RECORDS SUPPLIED:
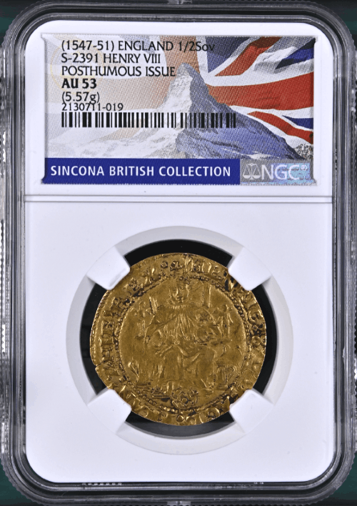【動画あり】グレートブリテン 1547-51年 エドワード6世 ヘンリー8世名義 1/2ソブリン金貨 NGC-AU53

---

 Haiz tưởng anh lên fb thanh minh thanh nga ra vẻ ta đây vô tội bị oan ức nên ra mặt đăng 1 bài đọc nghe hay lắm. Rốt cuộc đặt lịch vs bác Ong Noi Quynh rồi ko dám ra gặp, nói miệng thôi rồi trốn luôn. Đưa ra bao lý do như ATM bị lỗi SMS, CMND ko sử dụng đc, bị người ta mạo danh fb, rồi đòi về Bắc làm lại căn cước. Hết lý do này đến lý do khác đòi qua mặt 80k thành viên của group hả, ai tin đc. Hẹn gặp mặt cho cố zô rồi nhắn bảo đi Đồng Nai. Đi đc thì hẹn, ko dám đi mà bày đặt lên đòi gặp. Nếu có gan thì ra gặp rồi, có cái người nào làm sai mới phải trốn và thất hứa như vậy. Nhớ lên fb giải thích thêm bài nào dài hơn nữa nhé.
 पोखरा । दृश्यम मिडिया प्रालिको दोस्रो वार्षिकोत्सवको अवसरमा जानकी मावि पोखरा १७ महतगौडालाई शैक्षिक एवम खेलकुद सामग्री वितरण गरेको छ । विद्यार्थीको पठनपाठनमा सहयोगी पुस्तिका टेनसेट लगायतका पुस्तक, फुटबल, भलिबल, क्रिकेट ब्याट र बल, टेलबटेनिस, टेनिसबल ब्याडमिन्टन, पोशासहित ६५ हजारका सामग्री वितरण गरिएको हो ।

...

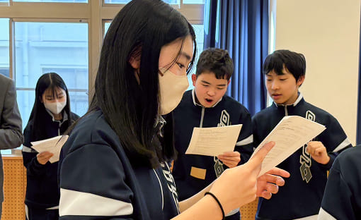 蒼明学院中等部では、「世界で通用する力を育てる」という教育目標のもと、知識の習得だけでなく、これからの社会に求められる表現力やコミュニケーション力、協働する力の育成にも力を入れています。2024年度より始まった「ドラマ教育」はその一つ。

TASK STATEMENT: Give back exactly the lines above, from the line containing "Haiz tưởng anh" through the line containing "पोखरा । दृश्यम", with both end lines and nothing more.

ANSWER BELOW:
 Haiz tưởng anh lên fb thanh minh thanh nga ra vẻ ta đây vô tội bị oan ức nên ra mặt đăng 1 bài đọc nghe hay lắm. Rốt cuộc đặt lịch vs bác Ong Noi Quynh rồi ko dám ra gặp, nói miệng thôi rồi trốn luôn. Đưa ra bao lý do như ATM bị lỗi SMS, CMND ko sử dụng đc, bị người ta mạo danh fb, rồi đòi về Bắc làm lại căn cước. Hết lý do này đến lý do khác đòi qua mặt 80k thành viên của group hả, ai tin đc. Hẹn gặp mặt cho cố zô rồi nhắn bảo đi Đồng Nai. Đi đc thì hẹn, ko dám đi mà bày đặt lên đòi gặp. Nếu có gan thì ra gặp rồi, có cái người nào làm sai mới phải trốn và thất hứa như vậy. Nhớ lên fb giải thích thêm bài nào dài hơn nữa nhé.
 पोखरा । दृश्यम मिडिया प्रालिको दोस्रो वार्षिकोत्सवको अवसरमा जानकी मावि पोखरा १७ महतगौडालाई शैक्षिक एवम खेलकुद सामग्री वितरण गरेको छ । विद्यार्थीको पठनपाठनमा सहयोगी पुस्तिका टेनसेट लगायतका पुस्तक, फुटबल, भलिबल, क्रिकेट ब्याट र बल, टेलबटेनिस, टेनिसबल ब्याडमिन्टन, पोशासहित ६५ हजारका सामग्री वितरण गरिएको हो ।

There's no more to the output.